▸ **SUPPLIED INFORMATION**
* * *

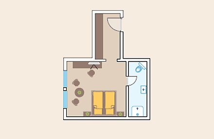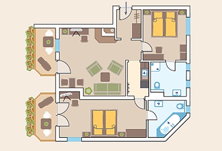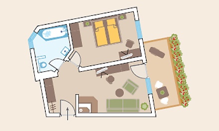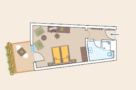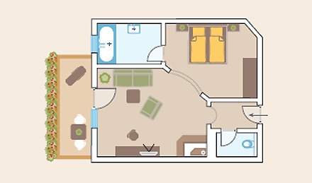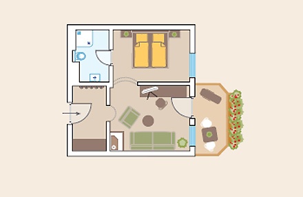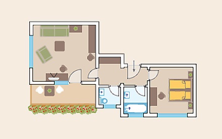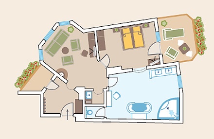 Suite "Salern" ( 45 кв. м) - состоит из спальни, спальни-гостиной, маленькая кухня и ванной комнаты, у некоторых номеров балкон.
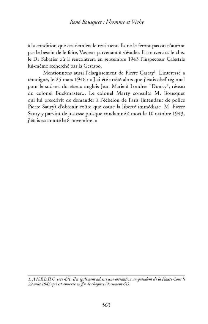 <L'attitude de René Bousquet face à la résistance et à l'action extérieure>
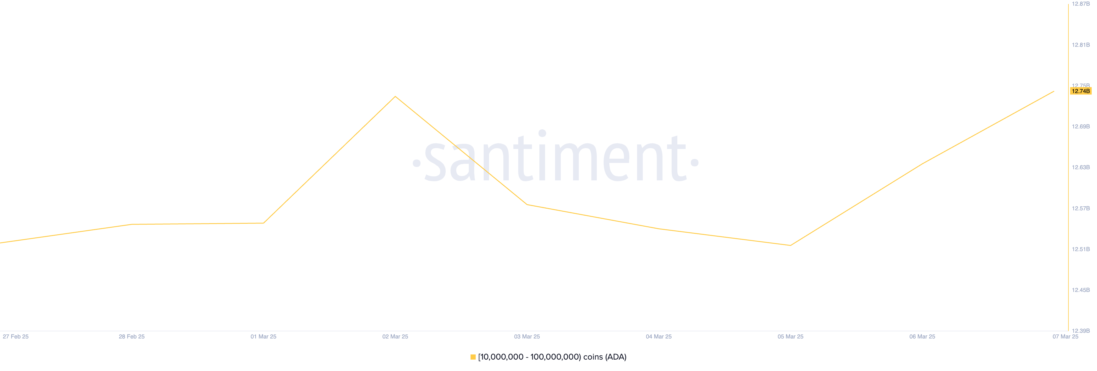 На момент публикации киты владеют 12,74 млрд ADA, что является их максимальным накоплением за последние шесть месяцев.
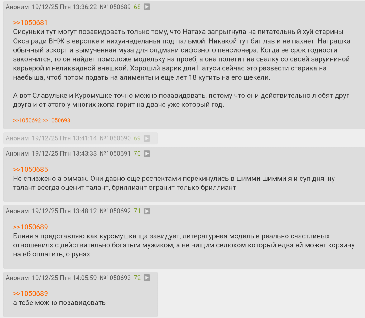 >>25801261 >>25804081 >>25804249 >А Курома на кого похожа? База сисуньства, когда Жопич был с Диско ее только и срали, теперь, когда она сама выставляет, что торчала, как и подозревали, так она в сто раз лучше Куромы. И это тогда, когда она объективно очень постарела, все так же торчит, все так же жалуется на бедность и непризнанность. После того, как устроила тряску за три рубля.>>25802350 По совпадению еще с тех самых пор никто не вступал с ней в долгие отношения, наверное потому, что характер отличный. А может потому, что закомплексованные нетакуси это пиздец тот ещё. Такое лицемерие, внешне они обе норм, но принести фотки десятилетней давности, на которых среднетян схуднувшая на влажных питерских спидах и сравнивать её 23 лвл и 29 лвл Курому. Охуенная тема. Причем вайб у них винишкотян художниц у обеих, значит нравятся Жопичу такие, нравится вместе хуйней страдать.
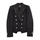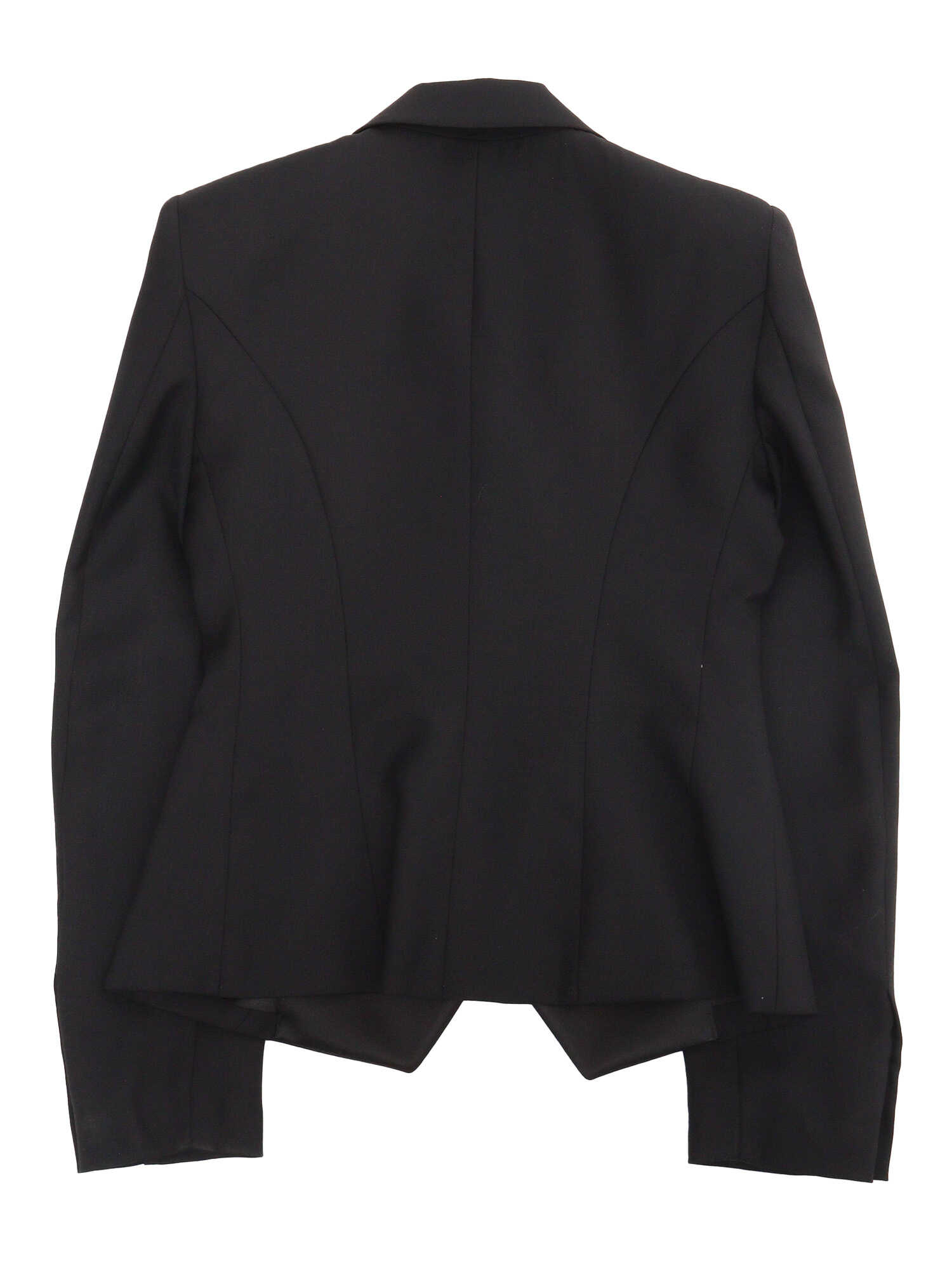 Balmain girls' black double-breasted blazer in stretch wool with lapel collar and silver buttons.
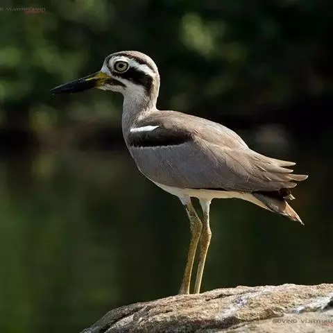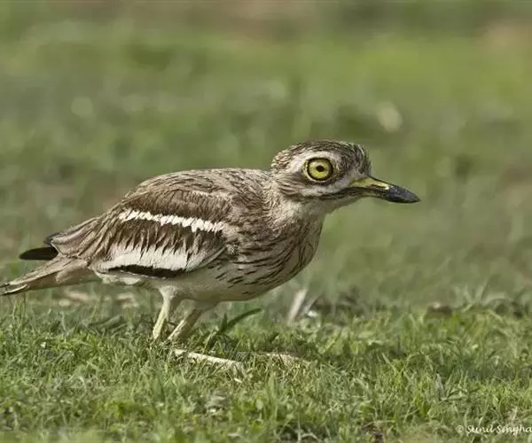石鸻虹膜黄色,眼非常大,嘴黑色,基部黄色,脚黄色或绿灰色。
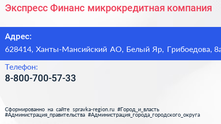 Экспресс Финанс, микрокредитная компания по адресу 628414, Ханты-Мансийский АО, Белый Яр, Грибоедова, 8а в дальнейшем Организация, размещена в следующих категориях:
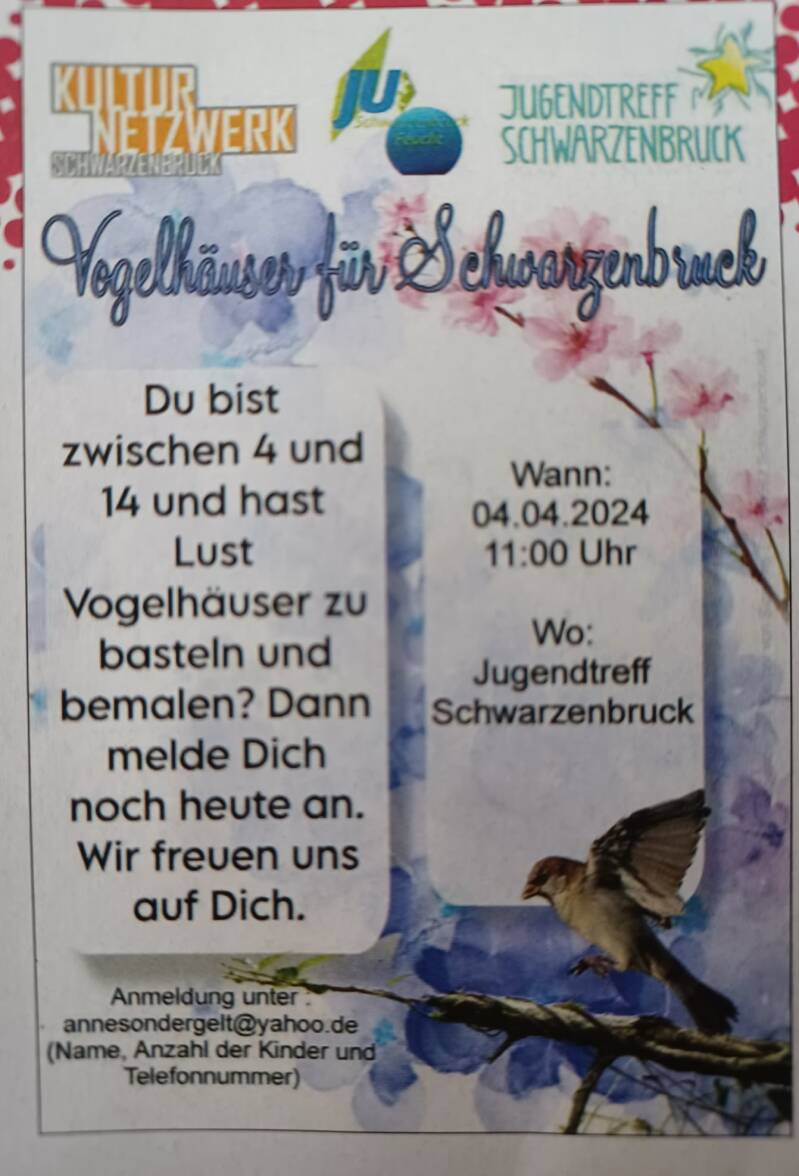 Vogelhäußer für unsere Gemeinde SchwarzenbruckWir möchten mit euch gemeinsam für unsere Gemeinde Vogelhäußer bauen und bemalen.Am 04.04.2024 treffen wir sich deshalb um 10 Uhr im Jugendtreff Schwarzenbruck. Egal ob Bauen und Bemalen oder nur Bemalen, sind alle Kinder - und Jugendliche dazu recht herzlich eingeladen.Ihr könnt selbst entscheiden wieviel ihr macht, ob Ihr die mit nachhause nehmen wollt oder an die Gemeinde spenden wollt. Die gespendeten Vogelhäußer werden dann dem Bauhof übergeben und an den öffentlichen Flächen der Gemeinde angebracht. Lasst uns gemeinsam die Gemeinde Schwarzenbruck gestalten und verschönern.

* * *

▸ **AIM OF THE TASK**
All lines from the start of the entries above through the line containing "вместе хуйней страдать." must be transcribed exactly, both ends included, and no picture may be copied.

▸ **RESULT OF THE TASK**
 Suite "Salern" ( 45 кв. м) - состоит из спальни, спальни-гостиной, маленькая кухня и ванной комнаты, у некоторых номеров балкон.
 <L'attitude de René Bousquet face à la résistance et à l'action extérieure>
 На момент публикации киты владеют 12,74 млрд ADA, что является их максимальным накоплением за последние шесть месяцев.
 >>25801261 >>25804081 >>25804249 >А Курома на кого похожа? База сисуньства, когда Жопич был с Диско ее только и срали, теперь, когда она сама выставляет, что торчала, как и подозревали, так она в сто раз лучше Куромы. И это тогда, когда она объективно очень постарела, все так же торчит, все так же жалуется на бедность и непризнанность. После того, как устроила тряску за три рубля.>>25802350 По совпадению еще с тех самых пор никто не вступал с ней в долгие отношения, наверное потому, что характер отличный. А может потому, что закомплексованные нетакуси это пиздец тот ещё. Такое лицемерие, внешне они обе норм, но принести фотки десятилетней давности, на которых среднетян схуднувшая на влажных питерских спидах и сравнивать её 23 лвл и 29 лвл Курому. Охуенная тема. Причем вайб у них винишкотян художниц у обеих, значит нравятся Жопичу такие, нравится вместе хуйней страдать.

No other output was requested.